The International Rice Genome Sequencing Project began in 1998. It was led by scientists in Japan but involved teams from the United States, China, France, Taiwan, India, Thailand, Korea, Brazil and Britain. A lot of the work was done in Rockville at the Institute for Genomic Research, an independent genetics laboratory founded by maverick scientist J. Craig Venter. The Rockefeller Foundation of New York, which for decades has funded research aimed at feeding the world, helped get the project off the ground. It cost more than $100 million.

Two Western agricultural companies, Monsanto Co. of St. Louis and Syngenta AG of Basel, Switzerland, contributed genetic information that moved up completion of the project by at least a year, scientists said.

Seed rice is not a major product for companies like Monsanto and Syngenta, but the plant is vitally important to them nonetheless. The great cereals whose cultivation made human civilization possible -- rice, wheat and corn are the most important -- descended from a common ancestor, a wild grass, that lived more than 50 million years ago. That makes the cereals close genetic relatives, and rice, with the smallest genome, proved to be the easiest to analyze. It is a crucial model for understanding the biology of all cereals.

Building on their success with rice, scientists are about to tackle the far larger genome of corn, the most important commodity in U.S. agriculture.

Companies like Syngenta and Monsanto have brought genetically modified strains of corn and other crops to market. They have been embraced by U.S. farmers, but vociferously rejected by consumers in Europe, Japan and other places. Availability of the rice genome will make such genetic manipulation easier in all the cereals -- but, by giving scientists more precise knowledge of how the plants work, it may also help to reduce some of the theoretical risks that have led to controversy.

The paper coming out today reports details and analysis of the rice genome, but it does not contain all of it. The rice genome is a sequence of chemicals represented by symbols looking like this: ATTGTGTAGCTTCTT. That goes on for 389 million letters, so computers are the only practical way to store and analyze it.

The letters stand for adenine, thymine, cytosine and guanine, chemical units arranged like beads along strands of deoxyribonucleic acid, or DNA. The exact order of the units is a message that tells the rice plant how to build its proteins, the fundamental working parts of all living organisms.

Scientists now have a rice genome with but a few gaps. It is a map of the Nipponbare strain of white rice grown in Japan, though the many other strains of rice -- red rice, basmati rice, brown rice, purple rice -- are expected to be similar.

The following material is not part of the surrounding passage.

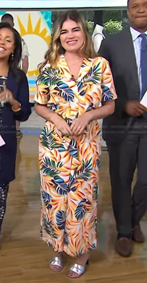 on Today on NBC was spotted wearing this leaf print jumpsuit on Today on May 31 2022's episode. 's Jumpsuit is the Tropical Print Tie-Front Jumpsuit by Tabitha Brown for Target.

While the map is an important achievement, it also means that an immense new task opens before the world's plant biologists. They need to learn to read the genetic messages and understand how the proteins in rice interact with one another, which is likely to take decades.

Already, researchers in Japan, using the new map, are hot on the trail of genetic variations that might allow rice to grow in colder climates, while the Rockefeller Foundation is funding work in the Philippines and other countries on strains that could yield enough even in drought years to keep a farm family from starving.

"Our work is not over," said Takuji Sasaki, vice president of the National Institute of Agrobiological Sciences in Tsukuba, Japan, and principal leader of the rice genome project. "It's just starting."